Across the Nation, Workers Are Striking Like It’s 1986
Last year, nearly half a million workers went on strike across the nation, the largest number since 1986, when the country’s union membership rate was considerably higher (17.5%) than it was in 2018 (10.5%).
This year, while the official numbers aren’t out yet, the momentum is anything but slowing down. To take but two examples: the 40-day strike at General Motors that began in mid-September and ended last Friday is the largest in the private sector in 20 years and the longest at GM since 1973. And the educators’ strike in Chicago is in its second week, involving 26,000 teachers and 8,000 support staff workers.
As some journalists have pointed out, there is real momentum behind these numbers. Workers are striking to gain a larger share of the economic pie at a time when most of the economic benefits are accruing to the wealthiest people. “Autoworkers, teachers and other workers accepted austerity when the economy was in a free fall, expecting to share in the gains once the recovery took hold,” writes Noam Scheiber of The New York Times.

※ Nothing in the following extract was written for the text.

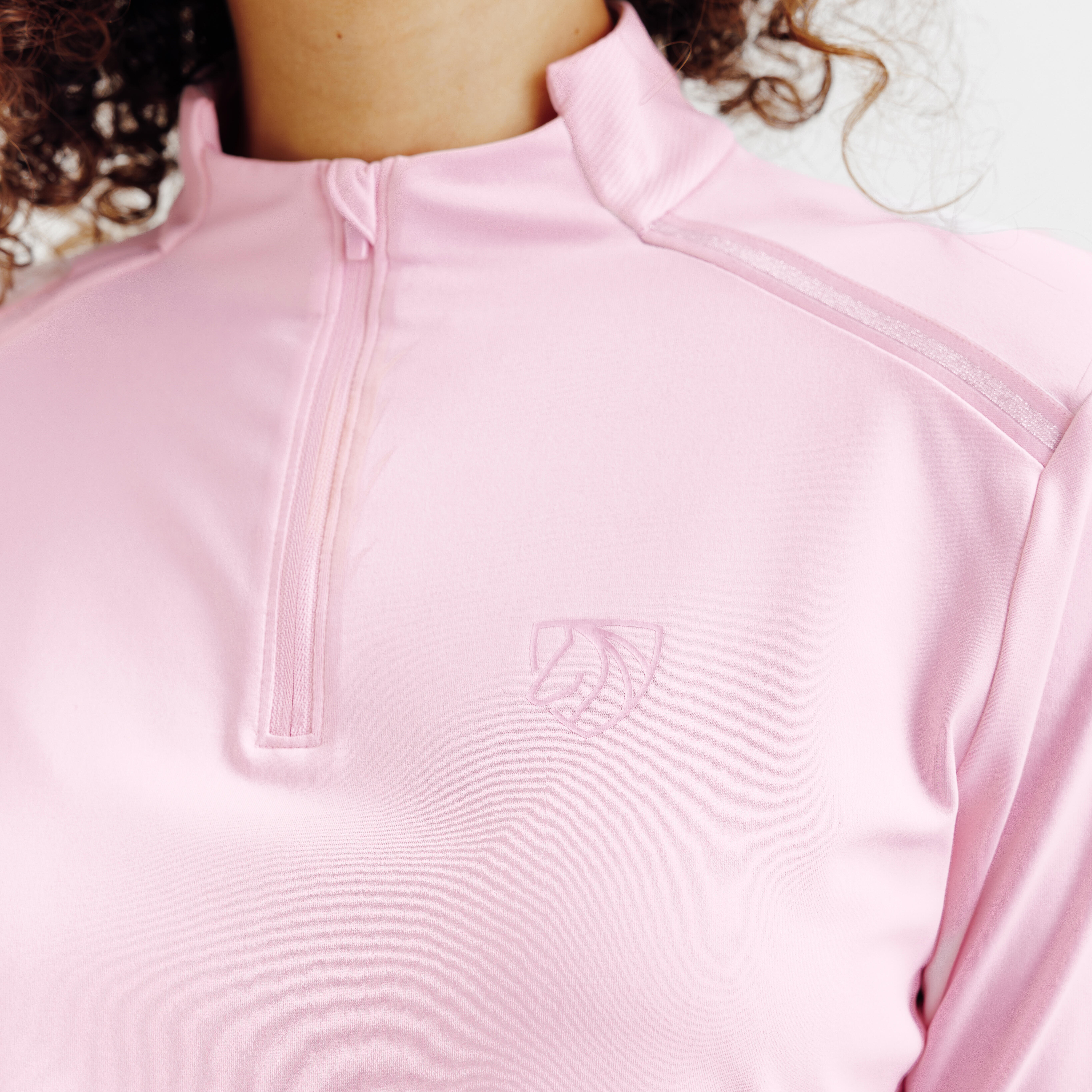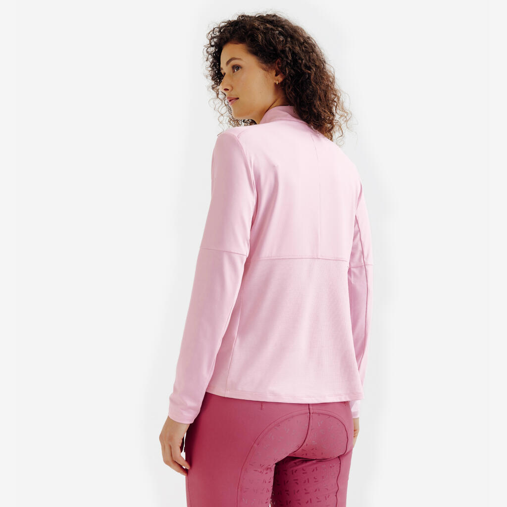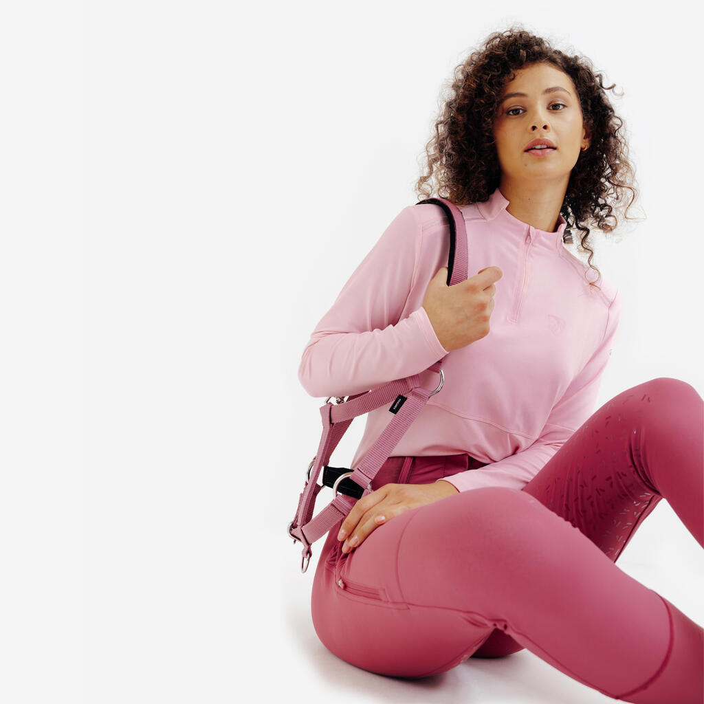 Rožnata ženska jahalna polo majica z UV-zaščito in dolgimi rokavi

In addition, the renewed activism points to a broader awakening among workers and working families in our country. As AFSCME President Lee Saunders has pointed out, we’re living a “movement moment” in which working people are recognizing that it’s up to us to look out for ourselves and each other.
“You can see something happening,” Saunders told The American Prospect earlier this year. “You can see the level of frustration. … We are sick and tired of being sick and tired.”
The momentum behind workers and their unions is also reflected in failed attempts to undermine their voice and their power. After wealthy corporations, individuals and dark-money groups scored a win at the Supreme Court in Janus v. AFSCME Council 31 in 2018, many predicted the worst for public service unions. But, in fact, the opposite happened, with most workers choosing to stick with their unions.
Many of the issues unionized workers are striking for, such as low pay and lack of benefits, are more common among nonunionized workers. It is perhaps why union popularity is at its highest in half a century, with nearly two-thirds of Americans approving of labor unions.
Earlier this year, all 19 presidential candidates who participated in the AFSCME Public Service Forum vowed that, if elected president, they would support a federal law to expand collective bargaining rights for public service workers across our country.
Real change will come when we make it easier, not harder, for workers to form unions. And it must happen at the highest levels of government.